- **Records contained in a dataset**
+ + + + +
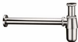
Umyvadlový sifon baňka
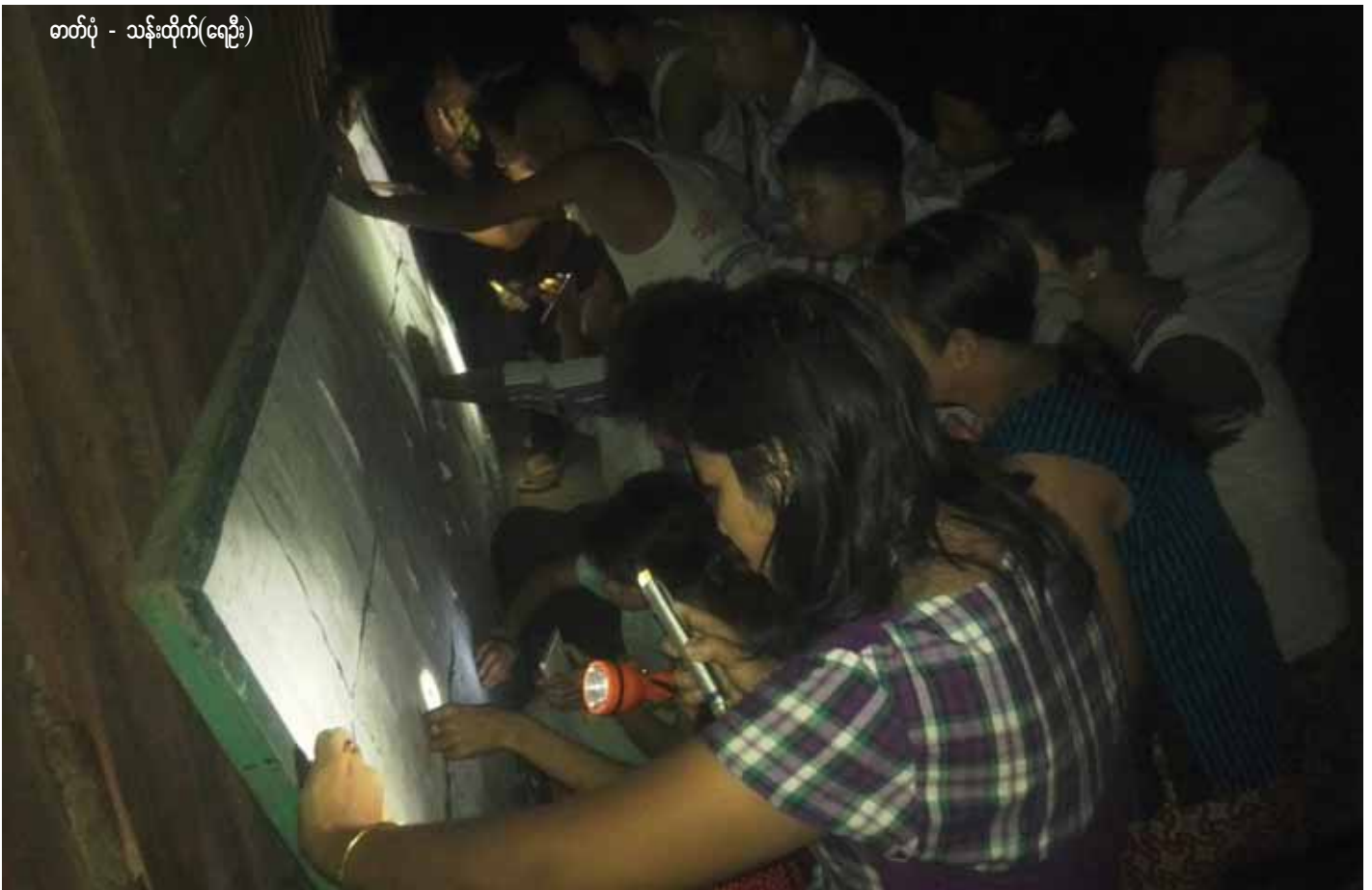
တတ်ပုံ - သန်းထိုက်(ရေဦး)

မနေ့ညက ကျွန်တော် တစ်ညလုံး အိမ်မပျော်ခဲ့ပါ။ စိုးရိမ်ပူပန်ခြင်းများစွာနှင့် လွင့်ပျောက်နေသည့် အတွေးများကြောင့် ညတာရှည်လွန်းသည်ဟု ထင်မိပါသည်။ ထိုည မြန်မြန်ကုန်လွန်ပါစေဟု ဆုတောင်းရင်း နံနက်မိုးသောက် အလင်းရောက်ခဲ့ပါသည်။ အိမ်မပျော်ခဲ့သည့် အကြောင်းရင်းမှာ ယနေ့တက္ကသိုလ်ဝင်(၁၀တန်း) စာမေးပွဲအောင် စာရင်းထွက်မှာဖြစ်သောကြောင့်တည်း။ စာမေးပွဲနှင့် ပတ်သက်၍ ပြောရမည်ဆိုလျှင် ကျွန်တော်ကိုယ်တိုင် မိမိကိုယ်ကို ယုံကြည်မှုနည်းခဲ့သည်မှာ အမှန်ဖြစ်ပါသည်။ တက္ကသိုလ်ဝင်စာမေးပွဲကို ချွေးသီးချွေးပေါက်ကျ အောင် ဖြေခဲ့ရသည့်အဖြစ်က ကျွန်တော်၏ အောင်စိတ်ကို လျော့ကျစေပါသည်။ အမေ့ဆန္ဒကိုပြည့်ဆည်းလိုသည့် လွန်ကဲသောစိတ်က စာမေးပွဲခန်းအတွင်း တုန်လှုပ်မိပါသည်။ သို့သော်ကျွန်တော် စာမေးပွဲအောင်ခဲ့ပါပြီ။ ကျွန်တော်နေထိုင်သည်မှာ ရန်ကုန်မြို့ပြင် လှိုင်သာယာမြို့နယ် ဆင်ခြေဖုံးရပ်ကွက်လေးတွင်ဖြစ်ပါသည်။ ထရီကာ၊ သွပ်မိုး အိမ်ကျဉ်းကျဉ်းလေးတွင် ကျွန်တော်၏မိသားစု ခြောက်ယောက်နှင့်အတူနေထိုင်ပါသည်။ ဖခင်မှာ လှိုင်သာယာစက်မှုဇုန်မှ လုပ်သားတစ်ဦး ဖြစ်ပြီး မိခင်မှာ နေအိမ်ရုံ အိမ်ဆိုင်လေးတွင် ဈေးရောင်းပါသည်။ ညီအစ်ကို မောင်နှမလေးယောက်တွင် ကျွန်တော်က အကြီးဆုံးဖြစ်၍ ကျောင်းတက်ချိန်၊ ကျူရှင်ချိန်မှလွဲလျှင် အမေ့အား အမြဲကူညီပေးရသဖြင့် စာကျက်ချိန်နည်းပါး လှပါသည်။
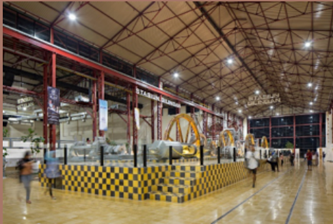
Stasiun Penguapan yang difungsikan sebagai area pujasera
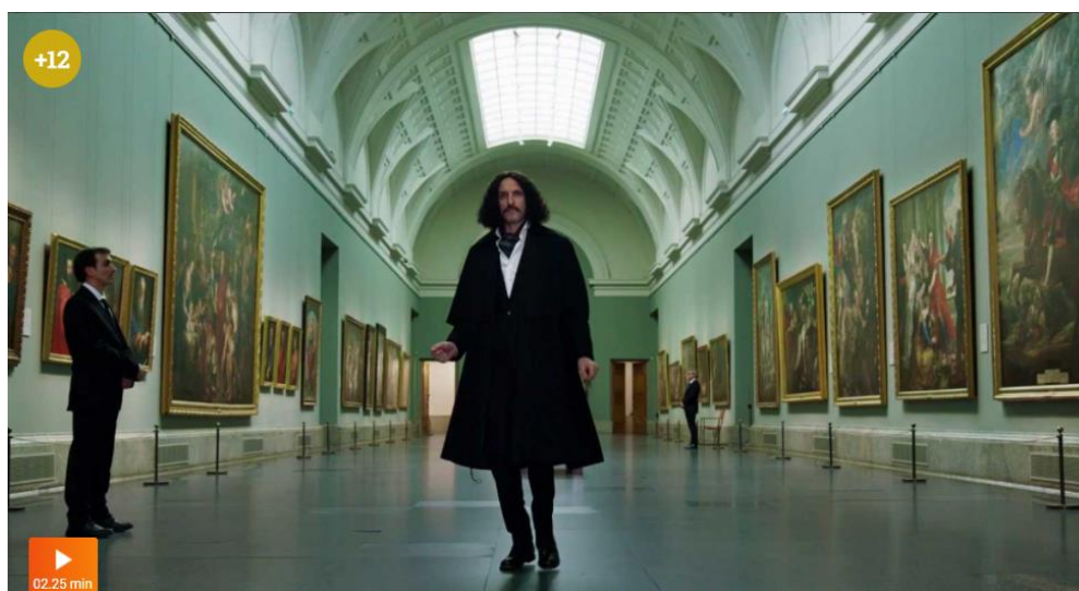
Fotograma tráiler oficial El Ministerio del Tiempo (Temporada 4, capítulo 38: La memoria del tiempo ). La dialéctica de la obra del arte .

Eso es mérito de Christian Flores. Recuerdo que cerramos la tercera temporada y a los 20 días vi en Youtube el “ Velázquez yo soy Guapa ” y me dije « si hay otra temporada meto eso en el Prado ». ¡Y se ha conseguido, no! No se sí el hecho de la fuerza de Velázquez ha ayudado también a que Christian piense en ese trap, pero es una dialéctica que sale fluida y que me vino hecha. Ahora el riesgo de mezclarlo, de poner a Velázquez a bailar un trap, es un riesgo que asumo. Como decía antes, EMDT es una serie pop de aventuras que mezcla historias con lo fantástico, es apropiación de imágenes y de personajes, descontextualización e ironía. Todos ellos son elementos del Arte Pop, del año del International Group de Londres, de Richard Hamilton, y de Liechtenstein. Esos mismos códigos son los que yo utilizo. Pero lo pop siempre ha sido bastante despreciado en España. De hecho ha habido grandes lagunas debido evidentemente a los muchos años de dictadura en la que la ironía, la imagen viva, la alegría no tenía mucha razón de ser. Incluso, en parte, cuando surge el Equipo Crónica por ejemplo se lo mira por encima del hombro, y cuando surge Almodóvar, una cultura pop evidente, es masacrado.
+ + + + +
- **Your instructions**
Your reply should be the lines of the records from the start through the line with "Fotograma tráiler oficial", copied word for word, pictures omitted.

- **Written solution**
Umyvadlový sifon baňka
တတ်ပုံ - သန်းထိုက်(ရေဦး)

မနေ့ညက ကျွန်တော် တစ်ညလုံး အိမ်မပျော်ခဲ့ပါ။ စိုးရိမ်ပူပန်ခြင်းများစွာနှင့် လွင့်ပျောက်နေသည့် အတွေးများကြောင့် ညတာရှည်လွန်းသည်ဟု ထင်မိပါသည်။ ထိုည မြန်မြန်ကုန်လွန်ပါစေဟု ဆုတောင်းရင်း နံနက်မိုးသောက် အလင်းရောက်ခဲ့ပါသည်။ အိမ်မပျော်ခဲ့သည့် အကြောင်းရင်းမှာ ယနေ့တက္ကသိုလ်ဝင်(၁၀တန်း) စာမေးပွဲအောင် စာရင်းထွက်မှာဖြစ်သောကြောင့်တည်း။ စာမေးပွဲနှင့် ပတ်သက်၍ ပြောရမည်ဆိုလျှင် ကျွန်တော်ကိုယ်တိုင် မိမိကိုယ်ကို ယုံကြည်မှုနည်းခဲ့သည်မှာ အမှန်ဖြစ်ပါသည်။ တက္ကသိုလ်ဝင်စာမေးပွဲကို ချွေးသီးချွေးပေါက်ကျ အောင် ဖြေခဲ့ရသည့်အဖြစ်က ကျွန်တော်၏ အောင်စိတ်ကို လျော့ကျစေပါသည်။ အမေ့ဆန္ဒကိုပြည့်ဆည်းလိုသည့် လွန်ကဲသောစိတ်က စာမေးပွဲခန်းအတွင်း တုန်လှုပ်မိပါသည်။ သို့သော်ကျွန်တော် စာမေးပွဲအောင်ခဲ့ပါပြီ။ ကျွန်တော်နေထိုင်သည်မှာ ရန်ကုန်မြို့ပြင် လှိုင်သာယာမြို့နယ် ဆင်ခြေဖုံးရပ်ကွက်လေးတွင်ဖြစ်ပါသည်။ ထရီကာ၊ သွပ်မိုး အိမ်ကျဉ်းကျဉ်းလေးတွင် ကျွန်တော်၏မိသားစု ခြောက်ယောက်နှင့်အတူနေထိုင်ပါသည်။ ဖခင်မှာ လှိုင်သာယာစက်မှုဇုန်မှ လုပ်သားတစ်ဦး ဖြစ်ပြီး မိခင်မှာ နေအိမ်ရုံ အိမ်ဆိုင်လေးတွင် ဈေးရောင်းပါသည်။ ညီအစ်ကို မောင်နှမလေးယောက်တွင် ကျွန်တော်က အကြီးဆုံးဖြစ်၍ ကျောင်းတက်ချိန်၊ ကျူရှင်ချိန်မှလွဲလျှင် အမေ့အား အမြဲကူညီပေးရသဖြင့် စာကျက်ချိန်နည်းပါး လှပါသည်။
Stasiun Penguapan yang difungsikan sebagai area pujasera
Fotograma tráiler oficial El Ministerio del Tiempo (Temporada 4, capítulo 38: La memoria del tiempo ). La dialéctica de la obra del arte .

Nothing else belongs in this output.